* _DATA BLOCK_:
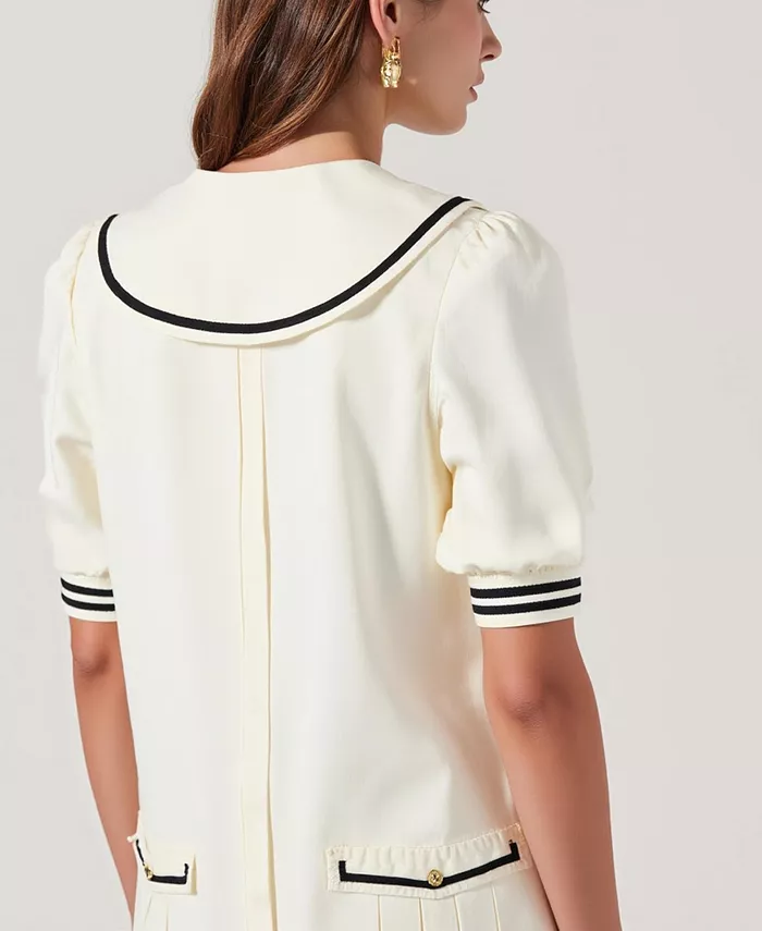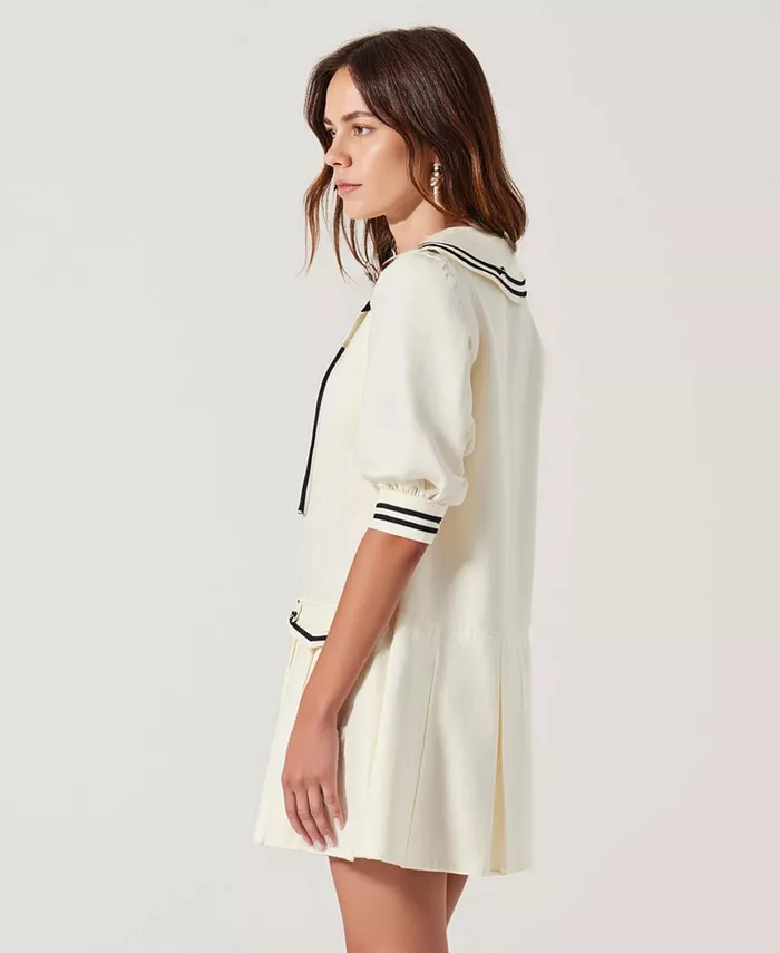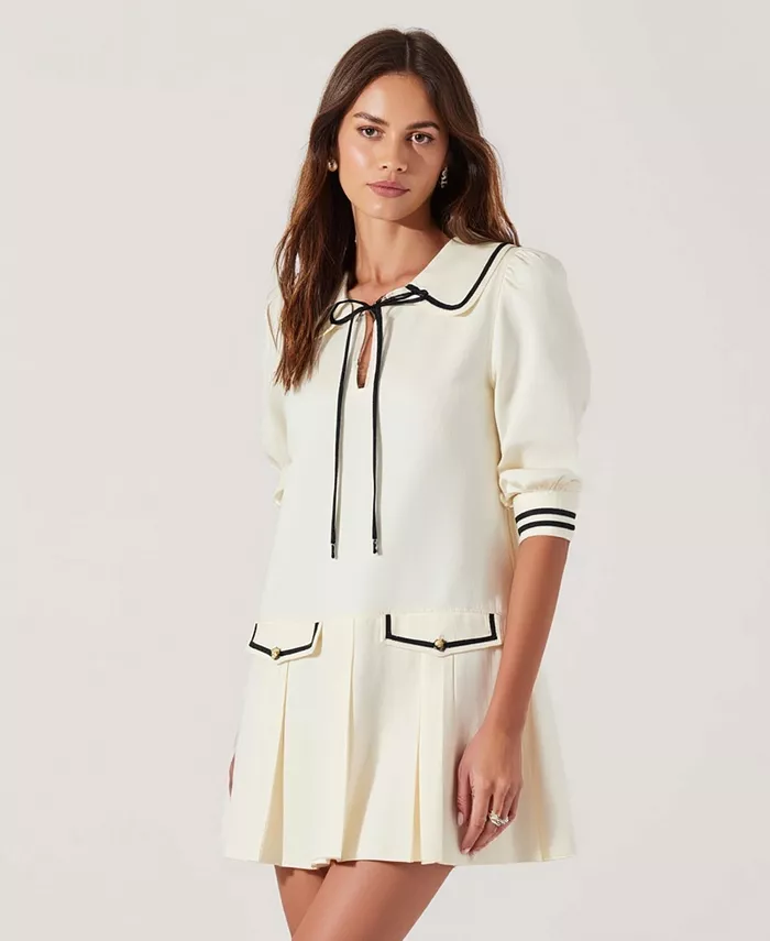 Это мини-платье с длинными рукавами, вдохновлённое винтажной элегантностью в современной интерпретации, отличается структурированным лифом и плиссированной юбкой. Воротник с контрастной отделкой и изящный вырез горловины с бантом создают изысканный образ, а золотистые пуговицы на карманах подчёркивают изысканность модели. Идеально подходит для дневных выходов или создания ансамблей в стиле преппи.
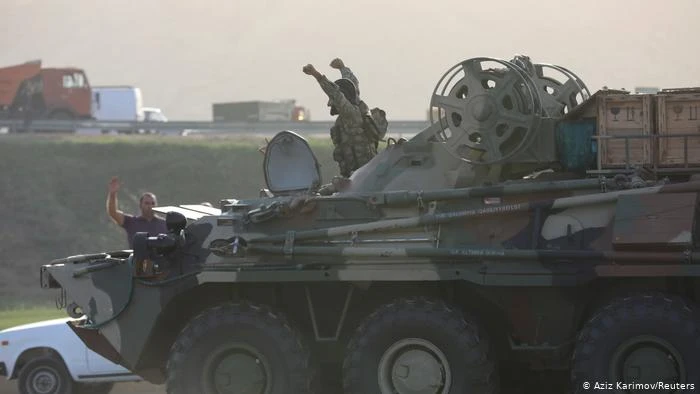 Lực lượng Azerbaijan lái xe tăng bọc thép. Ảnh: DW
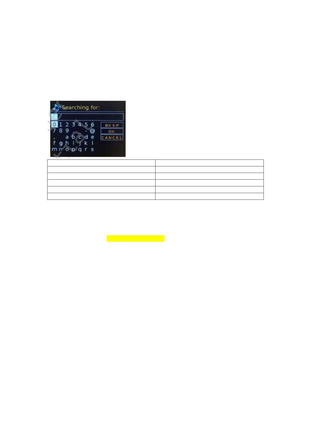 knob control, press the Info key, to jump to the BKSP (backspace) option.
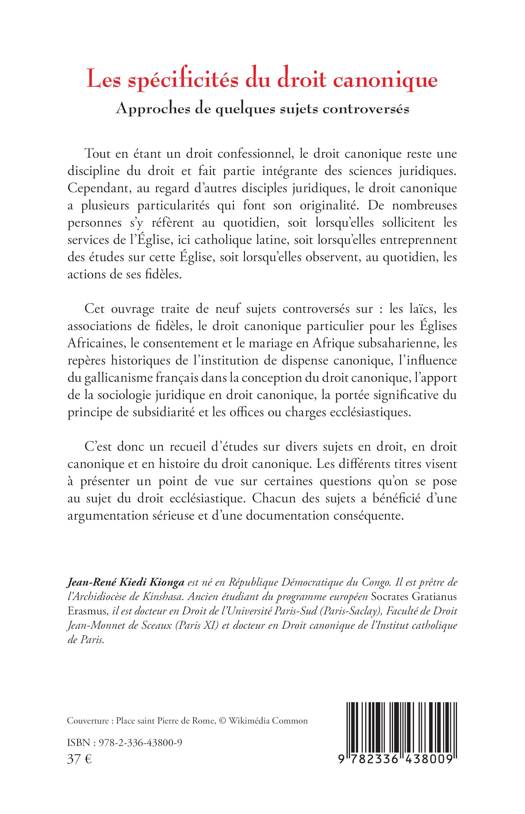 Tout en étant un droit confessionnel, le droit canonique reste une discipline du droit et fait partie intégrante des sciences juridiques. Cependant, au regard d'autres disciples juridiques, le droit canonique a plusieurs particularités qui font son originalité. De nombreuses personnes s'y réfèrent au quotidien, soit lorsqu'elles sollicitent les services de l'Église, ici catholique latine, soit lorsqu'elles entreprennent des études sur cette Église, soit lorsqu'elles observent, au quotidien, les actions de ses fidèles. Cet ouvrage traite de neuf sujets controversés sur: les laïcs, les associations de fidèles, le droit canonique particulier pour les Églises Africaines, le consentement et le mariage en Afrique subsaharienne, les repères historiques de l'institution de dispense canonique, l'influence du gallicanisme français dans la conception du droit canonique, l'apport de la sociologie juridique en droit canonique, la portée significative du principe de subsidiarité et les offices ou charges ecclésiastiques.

* _AIM OF THE EXERCISE_:
Copy the listing above exactly, but only from the line with "Lực lượng Azerbaijan" through the line with "knob control, press", including those two lines and excluding any picture.

* _SOLUTION TO THIS TASK_:
 Lực lượng Azerbaijan lái xe tăng bọc thép. Ảnh: DW
 knob control, press the Info key, to jump to the BKSP (backspace) option.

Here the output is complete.